IRLAB Therapeutics (IRLAB) Q1 2025 earnings summary

Executive summary

• Achieved regulatory alignment with EMA and FDA for Phase III of mesdopetam, focusing on adult Parkinson's patients with levodopa-induced dyskinesias, and advanced clinical programs for pirepemat and IRL757.

• Five first-in-class candidates are in the pipeline, with three in clinical and two in preclinical stages, targeting various Parkinson's symptoms.

• Positive clinical results for pirepemat (clinically meaningful fall reduction in key subgroup) and IRL757 (favorable Phase I safety and absorption data); IRL757's next phase fully funded by MSRD/Otsuka and Michael J. Fox Foundation.
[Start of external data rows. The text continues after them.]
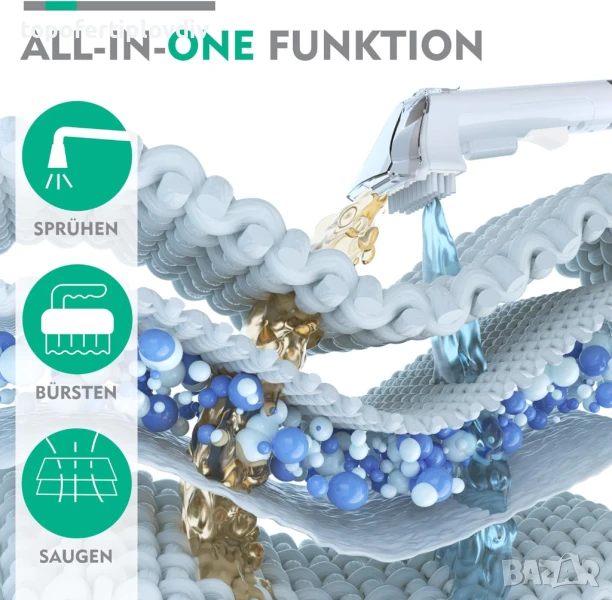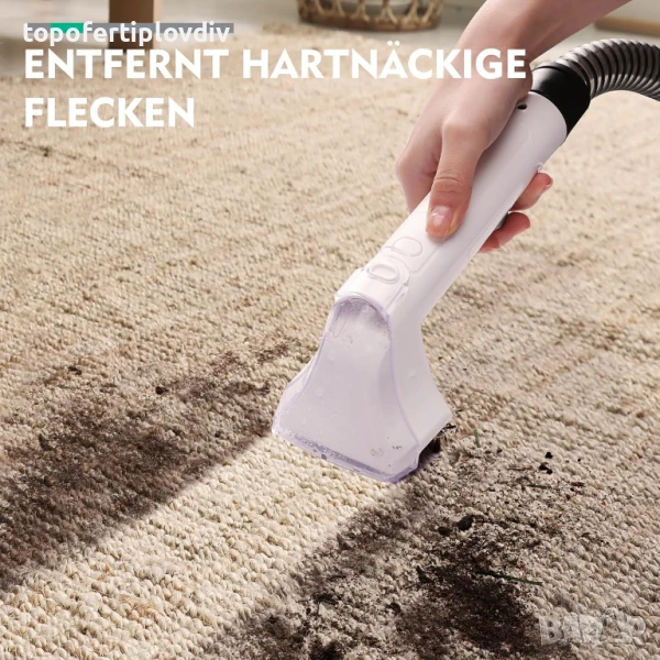 Мощно почистване: 400 W моторът е идеален за ефективно почистване на килими или дивани, както и на седалки и тапицерии на вашия автомобил. 1 накрайник-четка за килими, тапицерии, стълби и 1 ъглов накрайник за пукнатини. Перфектно прилягане за почистване на петна във всички ъгли. С вграден маркуч 120 см и отделно място за съхранение на маркуча.
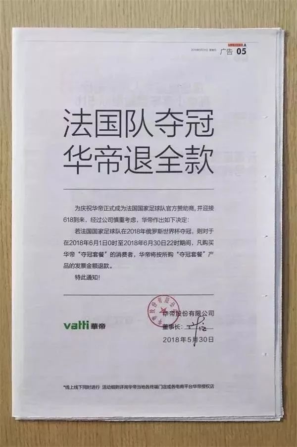 法国夺冠,网友们想到两件事,一件是开赛前的“华帝退全款”……而华帝官方称已经启动。
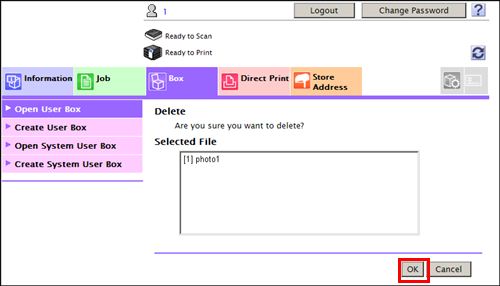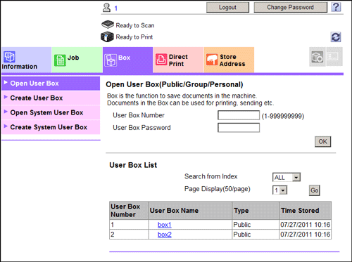 You can also open a desired User Box by entering its number directly in the [User Box Number] column.
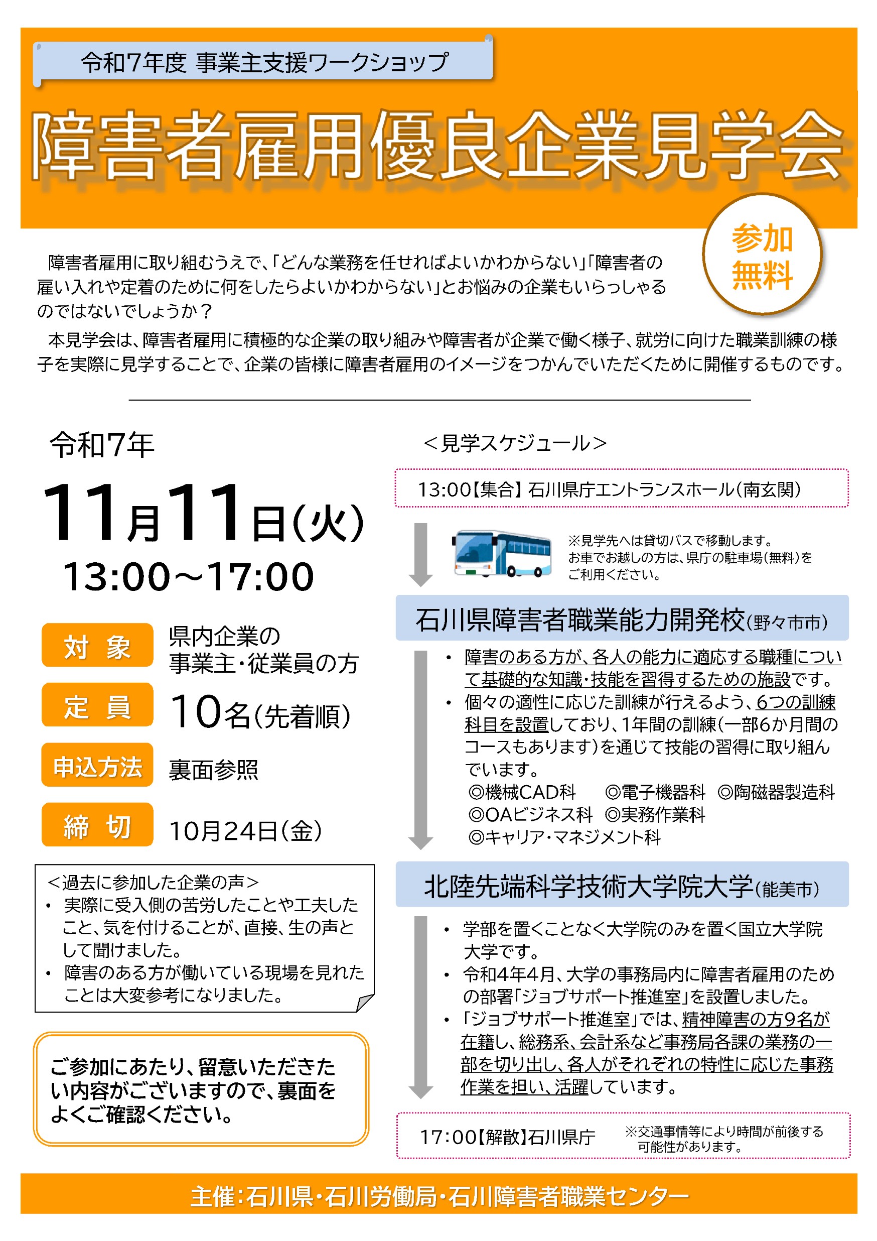 お申込みフォーム:令和7年度事業主支援ワークショップ 障害者雇用優良企業見学会
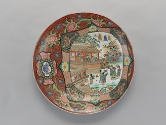 色絵婦人図唐花文大皿
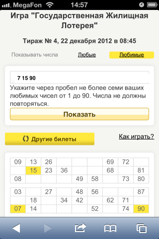 Чтобы выбрать любимые числа, нажмите ссылку «Любимые» и введите от 1 до 7 чисел от 1 до 90 через пробел, а затем кнопку «Показать».
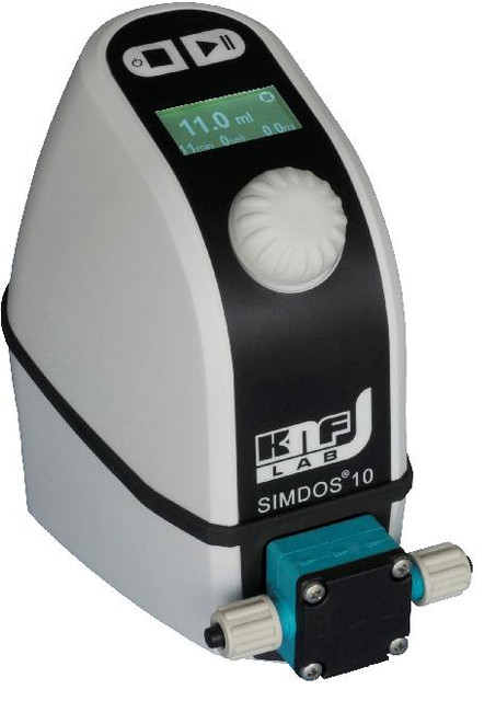 Дозувальний мембранний насос SIMDOS (KNF, Німеччина) компактний, зручний і простий у керуванні. Насос має цифровий дисплей, на якому зображаються параметри процесу. Вибір функцій та програмування здійснюється за допомогою великої обертової ручки.

• Expanded patent protection for mesdopetam and pirepemat, extending exclusivity into the 2040s.

• Strengthened business development and increased awareness of the pipeline.

Financial highlights

• Cash and cash equivalents at quarter-end were SEK 89 million, with SEK 58 million as prepayments for the 757 study.
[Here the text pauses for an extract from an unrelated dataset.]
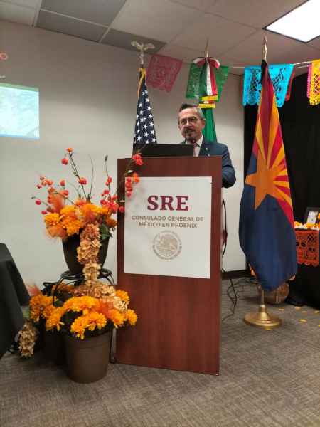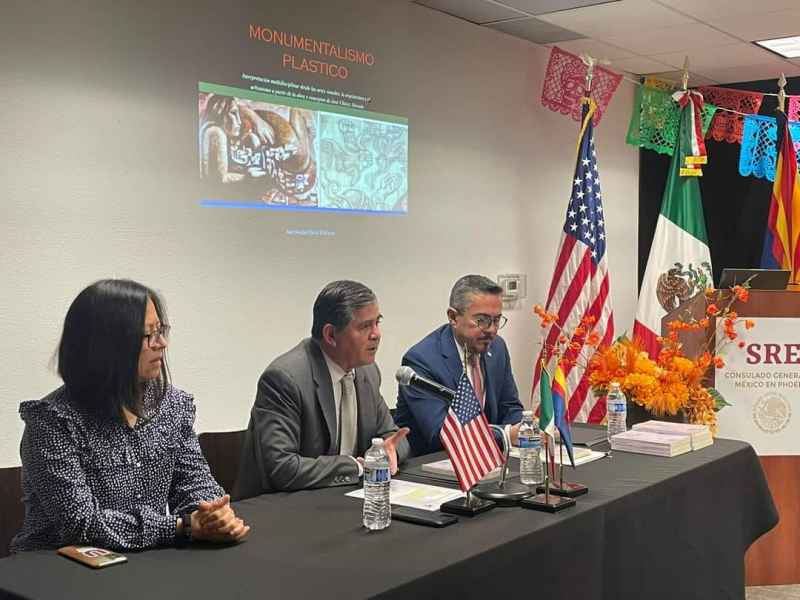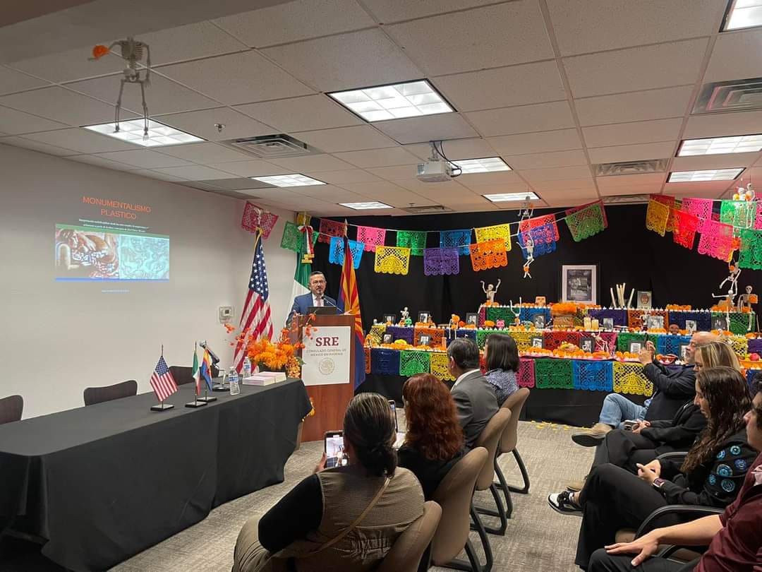 Guanajuato, Gto., a 07 de noviembre de 2024.- Se presentó en el Consulado de México en Phoenix (EUA), el libro “José Chávez Morado y el Monumentalismo plástico”, proyecto editorial que examina el Muralismo, considerado el principal movimiento artístico que posicionó a México en el escenario mundial de la pintura durante el siglo XX.

• Net sales were SEK 4.4 million, mainly related to the 757 program; operating loss improved to SEK -28.6 million from SEK -37.6 million year-over-year.
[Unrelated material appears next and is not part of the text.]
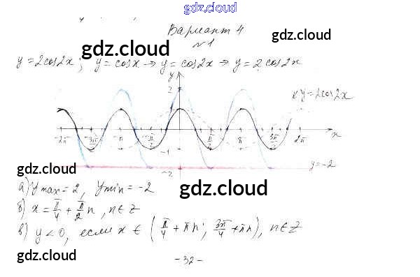 СР-16. Преобразование графиков тригонометрических функций Ответы к Главе 2. Тригонометрические функции по Алгебре 10 класс Самостоятельные работы Александрова Базовый уровень Мнемозина
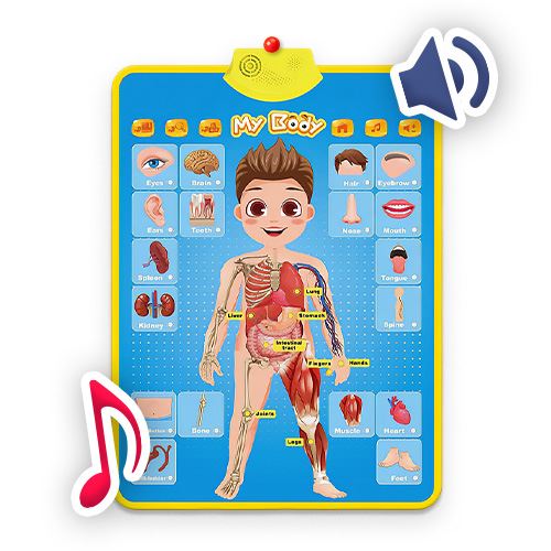 Plakát reaguje na dotek - po stisknutí příslušného tlačítka přehraje konkrétní nahrávku pořízenou rodilým mluvčím. Ten buď pojmenuje daný orgán či část lidského těla, podělí se o krátkou informaci nebo zajímavost, příp. položí kvízovou otázku - záleží na zvoleném režimu. Interaktivní poster jich obsahuje pět, přičemž každý režim nabízí možnost samostatně a zábavným způsobem zdokonalovat znalosti nejen z anatomie, ale také z anglického jazyka. K tomu určitě napomohou i chytlavé dětské písničky, mezi nimiž nemůže chybět známá Head, Shoulders, Knees and Toes – tedy Hlava, ramena, kolena a palce.

• Cash flow from operating activities was SEK 6.3 million, up from SEK -38.2 million year-over-year.

• Headcount stable at about 30–31 employees.

• Equity ratio fell to 3% (from 56% in Q1 2024), reflecting ongoing losses and reliance on debt.

Outlook and guidance

• Preparing for registration-enabling Phase III studies for mesdopetam, with design agreed by both FDA and EMA; ongoing business development to secure a partner.

• Pirepemat's next steps are under evaluation, with potential expansion into dementia and further analyses planned.

• IRL757 patient study in Parkinson's apathy to begin in H2 2025, fully funded by MSRD/Otsuka.

• IRL942 and IRL1117 preclinical programs progressing, with 1117 prioritized for IND-enabling studies; IRL942 development slowed.

• Focus remains on late-stage clinical assets and advancing preclinical programs with high potential.